Anything I can do to help it recover as I presume this is the casue of some leaves going yellow and getting brown spots.

Could the light be to close? Its a 250w cfl and its about 2 - 3 inches form the plant


----------



## SmokeyDeHerb (Oct 23, 2010)

Hey y'all. thought i'd update you on my NL auto. been vegging 3 weeks now and is nice and bushy, so have decided to switch it to 12/12 on the red light, mainly coz i'm an impatient SOB and can't wait to get a smoke off of her 
Pics are of 18 days, 20 days and today, 21 days. the growth between day 18 and 20 is pretty wild. let me know your thoughts.


----------



## Kushman201 (Oct 23, 2010)

Hey FullDuplex where did you get that BudWider strain from? Or is it your own cross?


----------



## mossys (Oct 23, 2010)

> Anything I can do to help it recover


Keep your fingers crossed.
We may be looking at results that came from the stem damage..and it may recover.
They have Hearts like Lions..so you may be lucky.

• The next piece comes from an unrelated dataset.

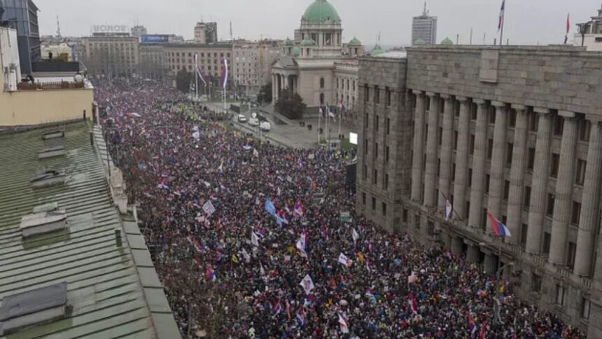 Thousands of protesters have fallen silent in Serbia’s capital on Saturday, to honour the victims of a concrete awning collapse which has sparked significant unrest in the country.
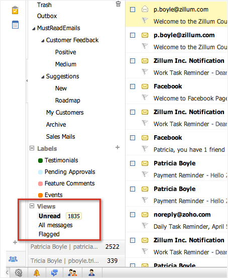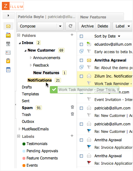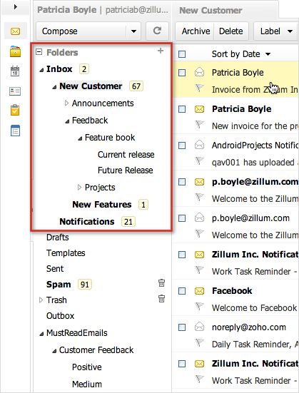 Zoho webmail supports multi-level folder structure unlike other webmail interfaces out there. This means you can organize your emails in a perfect tree structure and be able to navigate smoothly.

Can you see any New growth on it...?

The rest of them are looking Fine...good growing...
SmokeyDeHerb...that is a Good Looking plant.
Amazing the difference between day 18 & 21..

But gotta ask...why 12/12 on an Autoflower...?

​


----------



## Anonamix (Oct 23, 2010)

mossys said:


> Can't help thinking FullD is gonna be proud how this thread has woofed since he has been away.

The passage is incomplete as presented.